1. Buddy

    Buddy Registered User

    Sep 11, 2011
    16
    Following my Dads recent death we have had to move my Mum into a care home. They both lived with us for 12 years and my Dad was her main carer. She does not understand that my Dad has died and asks for him a lot, we have resorted to telling her he is at work, which settles her. She has settled really well into the care home and they are brilliant with her, there is lots going on and she seems very happy. In the last few weeks she has suddenly started to fall asleep without any warning, it is then really difficult to rouse her, she has also started to store food in her mouth, chewing it for ages then wanting to spit it out or sometimes she heaves and is sick. We are not sure if this is a progression of her Alzheimer's or something else. I wondered if anyone had come across these behaviours also.
     
  2. WIFE

    WIFE Registered User

    May 23, 2014
    857
    WEST SUSSEX
    Sadly, Buddy - yes. My husband's swallow slowly became more compromised and he often "pouched" food and then when I least expected it - spat it out usually scoring a hit somewhere on me. He did it with medicines as well - especially liquid ones. Eventually his diet changed to a softer and then finally liquidised one when we could get him to eat something. He too sometimes seemed to be sick but I suspect it was just food he was unable to swallow as the reflex became weaker so it came back up instead of going down.
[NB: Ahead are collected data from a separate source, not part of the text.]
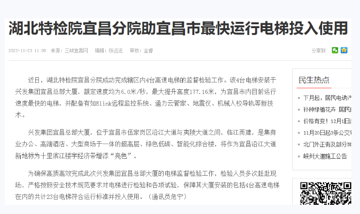 三峽(xiá)宜昌網(12月3日)厦门成同机电制造有限公司(5G网站)宜(yi)昌美女和男友在一🔞起怼怼怼视频㊙️分院助宜昌(chāng)市最快運行電(diàn)梯投入使用
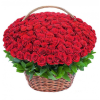 Cos cu flori La mulți ani cu 101 trandafiri rosii
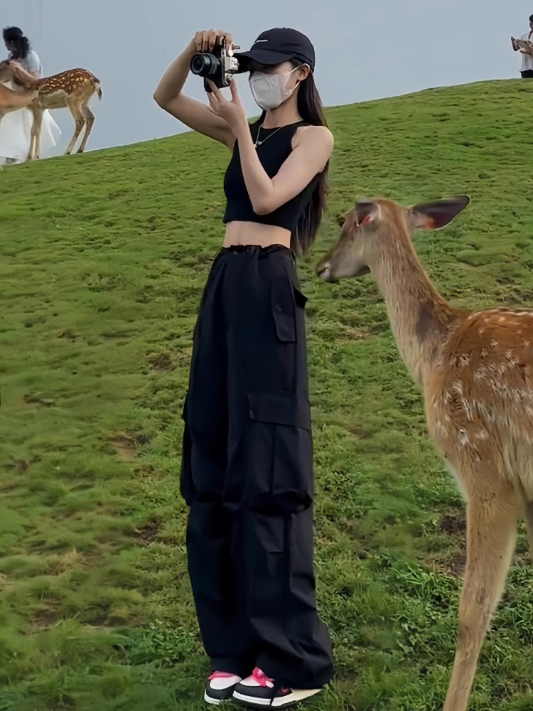 여성용 아메리칸 하이킹 작업복, 봄, 가을 하이 웨이스트 루즈한 소형 와이드 레그 아웃도어 속건성 여름 캐주얼 스포츠 바지스토어 가기
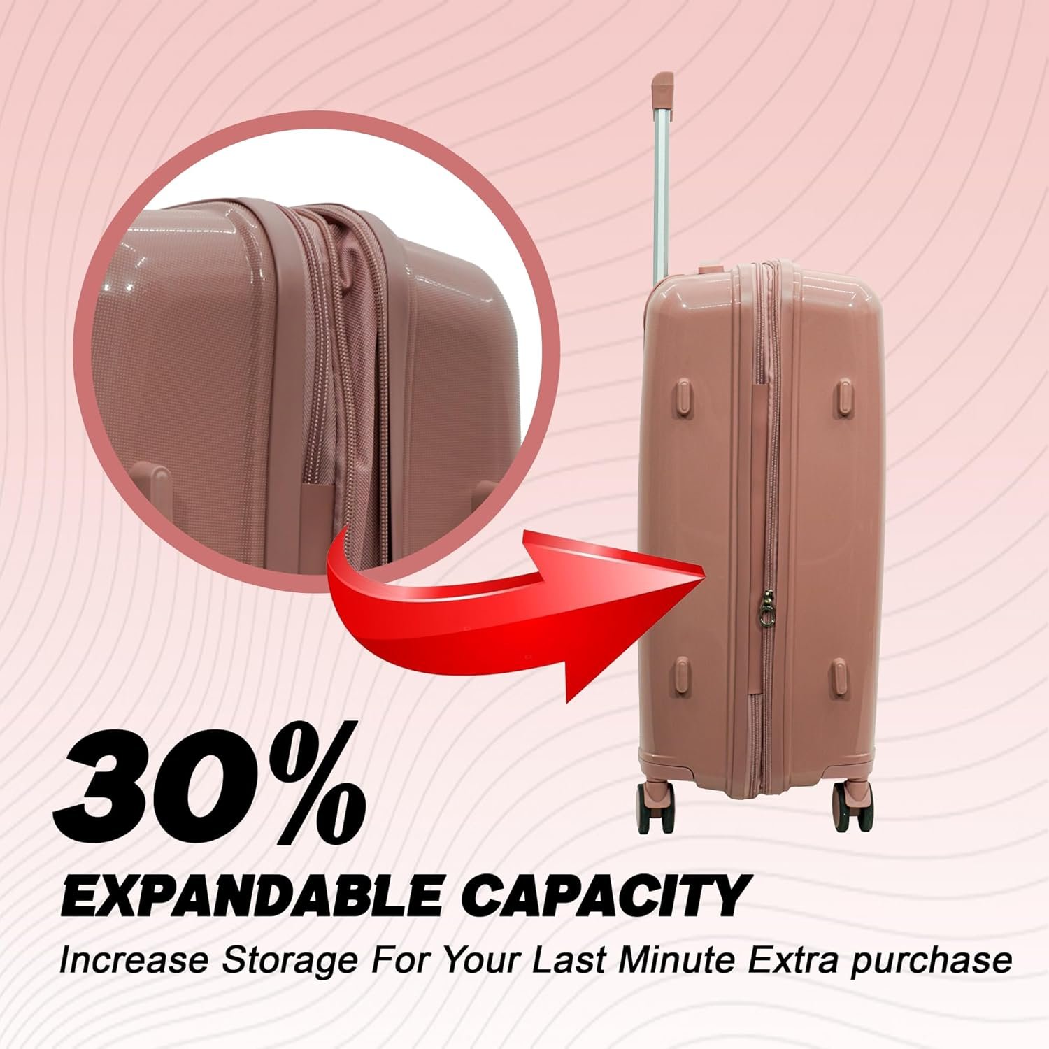 ✅ EXPANDABLE BY 30% – MORE ROOM WHEN YOU NEED IT : Simply unzip to expand your luggage and gain 30% more packing space instantly. Perfect for souvenirs, last-minute shopping, or longer trips—pack smart without carrying extra bags.

Regurgitation rather than vomiting . The sleepiness is also a progressive symptom of dementia - so do not be unduly worried if some days your Mum sleeps more than you feel is usual. Sad times for you and family - will be thinking of you all WIFE
     
  3. Buddy

    Buddy Registered User

    Sep 11, 2011
    16
    #3 Buddy, May 19, 2015
    Last edited: May 19, 2015
    thank you for your advice, we suspected it was down to her Alzheimer's, but it's so difficult because she has gone through a lot of change recently and we feel she is deteriorating faster now that my Dad is no longer constantly at her side as good as the care staff are it's impossible for them to give the support to the same level as he did and in some ways he often masked the degree of deterioration as he often spoke for her. It's so sad because I think she will now go downhill much faster, but she is happy and that's what matters.